▸ **The task**
Make an exact copy of every entry, leaving the pictures out.

Source data:
* * * * * * *
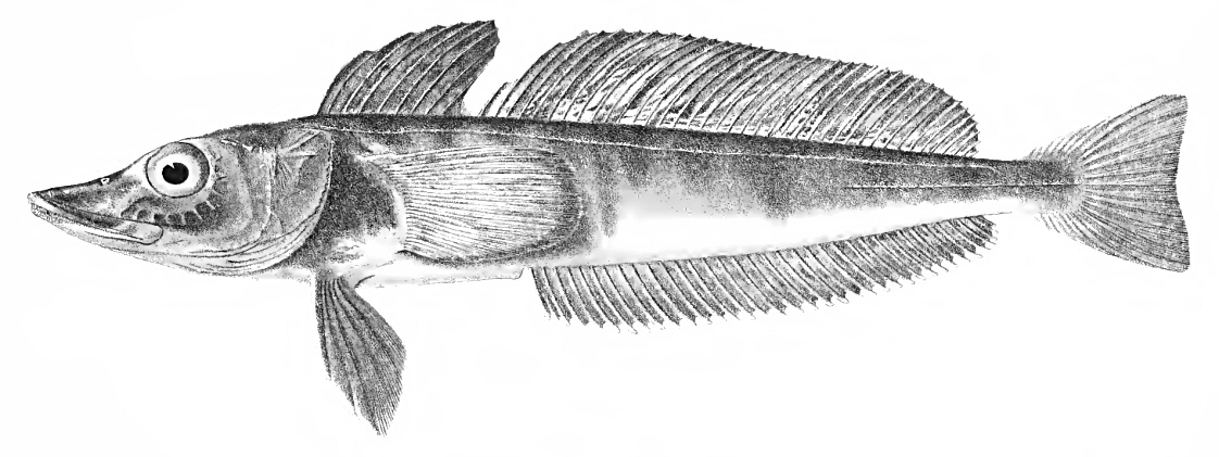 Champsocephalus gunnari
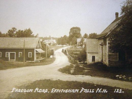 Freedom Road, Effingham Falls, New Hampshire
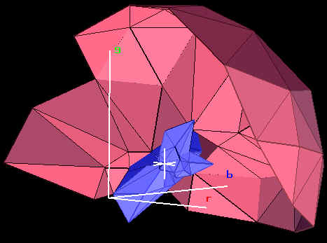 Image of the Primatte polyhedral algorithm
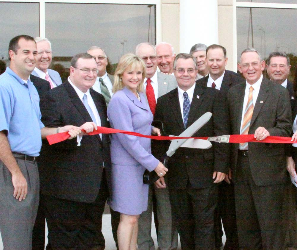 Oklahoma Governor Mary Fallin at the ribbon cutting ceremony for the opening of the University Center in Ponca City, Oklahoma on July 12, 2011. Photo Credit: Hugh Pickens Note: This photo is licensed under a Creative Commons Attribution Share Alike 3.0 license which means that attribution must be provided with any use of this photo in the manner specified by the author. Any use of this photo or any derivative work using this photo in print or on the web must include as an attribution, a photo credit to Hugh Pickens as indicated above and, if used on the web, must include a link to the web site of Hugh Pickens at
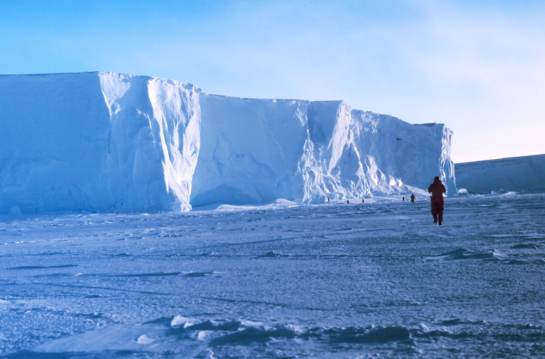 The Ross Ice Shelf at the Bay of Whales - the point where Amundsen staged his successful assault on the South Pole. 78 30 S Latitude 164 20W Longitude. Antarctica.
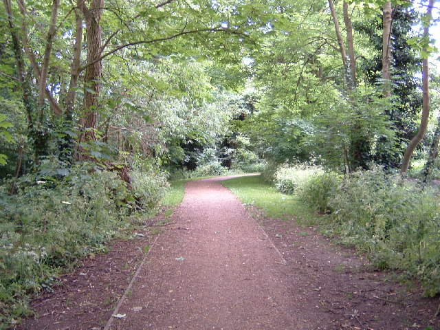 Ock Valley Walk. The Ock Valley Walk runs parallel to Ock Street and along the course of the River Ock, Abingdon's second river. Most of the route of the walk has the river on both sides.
* * * * * * *
▸ **Task solution**
 Champsocephalus gunnari
 Freedom Road, Effingham Falls, New Hampshire
 Image of the Primatte polyhedral algorithm
 Oklahoma Governor Mary Fallin at the ribbon cutting ceremony for the opening of the University Center in Ponca City, Oklahoma on July 12, 2011. Photo Credit: Hugh Pickens Note: This photo is licensed under a Creative Commons Attribution Share Alike 3.0 license which means that attribution must be provided with any use of this photo in the manner specified by the author. Any use of this photo or any derivative work using this photo in print or on the web must include as an attribution, a photo credit to Hugh Pickens as indicated above and, if used on the web, must include a link to the web site of Hugh Pickens at
 The Ross Ice Shelf at the Bay of Whales - the point where Amundsen staged his successful assault on the South Pole. 78 30 S Latitude 164 20W Longitude. Antarctica.
 Ock Valley Walk. The Ock Valley Walk runs parallel to Ock Street and along the course of the River Ock, Abingdon's second river. Most of the route of the walk has the river on both sides.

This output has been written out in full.